LISTED ENTRIES:

● ● ● ● ● ● ●

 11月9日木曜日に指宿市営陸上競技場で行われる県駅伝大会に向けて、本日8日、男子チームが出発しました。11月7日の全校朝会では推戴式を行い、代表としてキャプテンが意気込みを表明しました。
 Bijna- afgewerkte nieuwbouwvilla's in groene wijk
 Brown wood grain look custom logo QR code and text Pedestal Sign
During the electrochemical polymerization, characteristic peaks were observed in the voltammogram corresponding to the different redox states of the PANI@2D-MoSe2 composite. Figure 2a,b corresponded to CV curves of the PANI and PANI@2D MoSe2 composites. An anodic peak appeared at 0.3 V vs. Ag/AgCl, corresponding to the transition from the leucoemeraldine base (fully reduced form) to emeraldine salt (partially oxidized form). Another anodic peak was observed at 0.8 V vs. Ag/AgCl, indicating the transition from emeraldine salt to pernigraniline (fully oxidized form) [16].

● ● ● ● ● ● ●

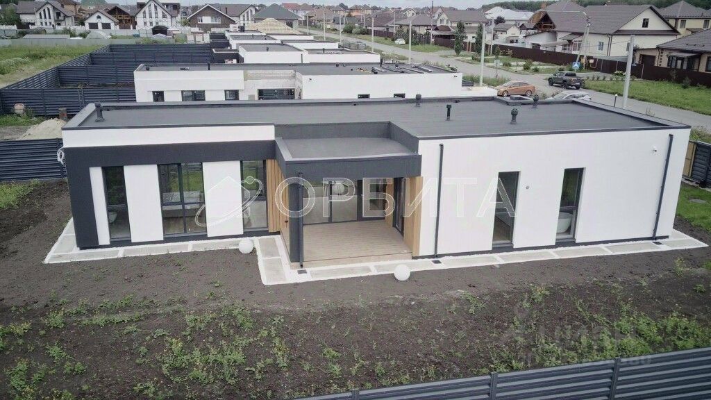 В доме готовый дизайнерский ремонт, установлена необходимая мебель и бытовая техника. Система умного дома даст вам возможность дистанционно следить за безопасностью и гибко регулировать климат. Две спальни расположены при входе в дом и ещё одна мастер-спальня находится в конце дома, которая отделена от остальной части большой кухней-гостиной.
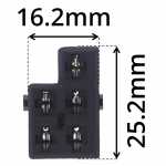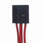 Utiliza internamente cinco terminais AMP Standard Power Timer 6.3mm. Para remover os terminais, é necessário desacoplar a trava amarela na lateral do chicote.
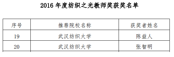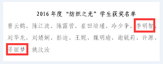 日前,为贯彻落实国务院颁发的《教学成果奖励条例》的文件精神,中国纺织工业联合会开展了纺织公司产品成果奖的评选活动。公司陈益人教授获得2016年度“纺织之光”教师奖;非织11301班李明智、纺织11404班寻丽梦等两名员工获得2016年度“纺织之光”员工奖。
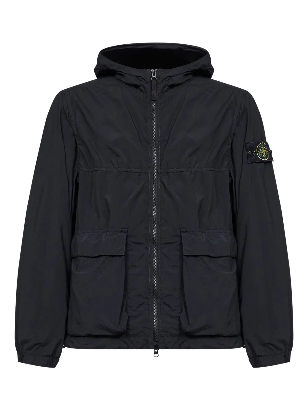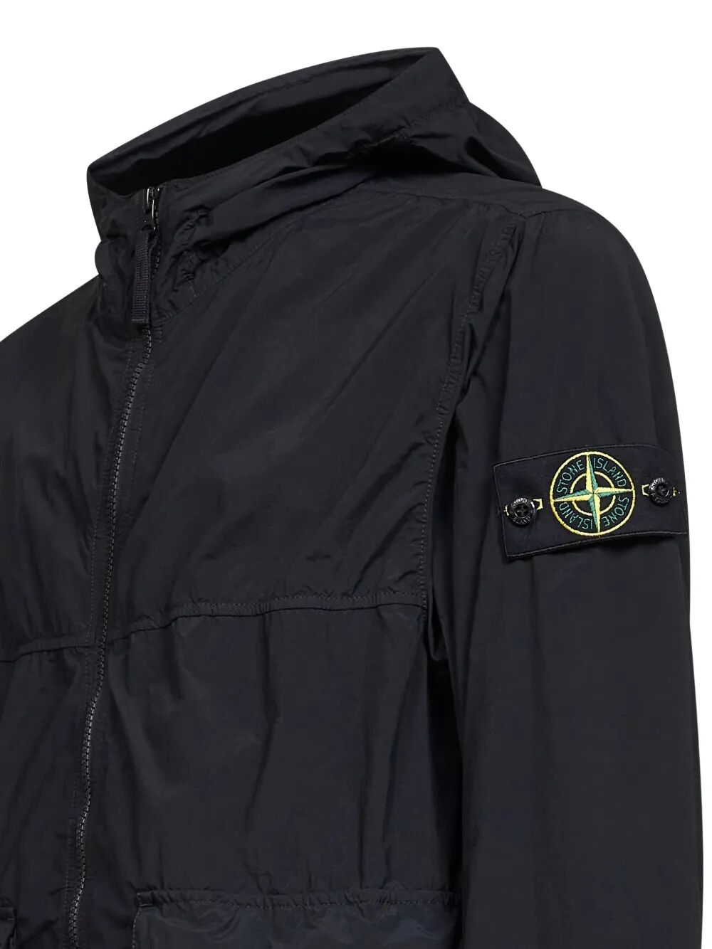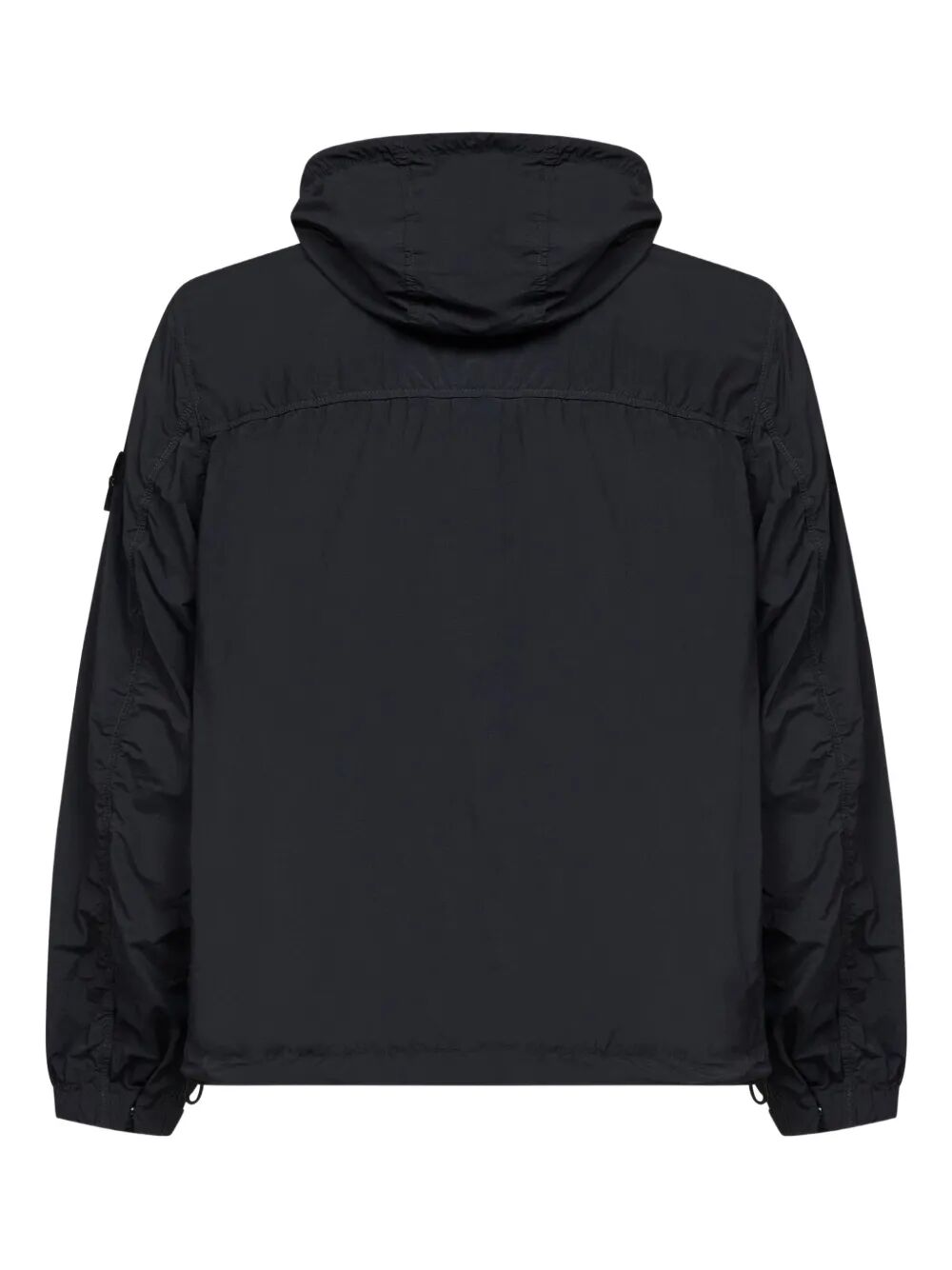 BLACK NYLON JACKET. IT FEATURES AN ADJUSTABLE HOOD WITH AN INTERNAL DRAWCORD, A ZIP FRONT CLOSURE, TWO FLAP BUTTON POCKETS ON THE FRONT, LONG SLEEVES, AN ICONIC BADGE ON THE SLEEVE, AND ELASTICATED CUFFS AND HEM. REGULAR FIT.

● ● ● ● ● ● ●

TASK:
Output the material above exactly, but only from the line that carries "11月9日木曜日に指宿市営陸" through the line that carries "During the electrochemical".

WRITTEN SOLUTION:
 11月9日木曜日に指宿市営陸上競技場で行われる県駅伝大会に向けて、本日8日、男子チームが出発しました。11月7日の全校朝会では推戴式を行い、代表としてキャプテンが意気込みを表明しました。
 Bijna- afgewerkte nieuwbouwvilla's in groene wijk
 Brown wood grain look custom logo QR code and text Pedestal Sign
During the electrochemical polymerization, characteristic peaks were observed in the voltammogram corresponding to the different redox states of the PANI@2D-MoSe2 composite. Figure 2a,b corresponded to CV curves of the PANI and PANI@2D MoSe2 composites. An anodic peak appeared at 0.3 V vs. Ag/AgCl, corresponding to the transition from the leucoemeraldine base (fully reduced form) to emeraldine salt (partially oxidized form). Another anodic peak was observed at 0.8 V vs. Ag/AgCl, indicating the transition from emeraldine salt to pernigraniline (fully oxidized form) [16].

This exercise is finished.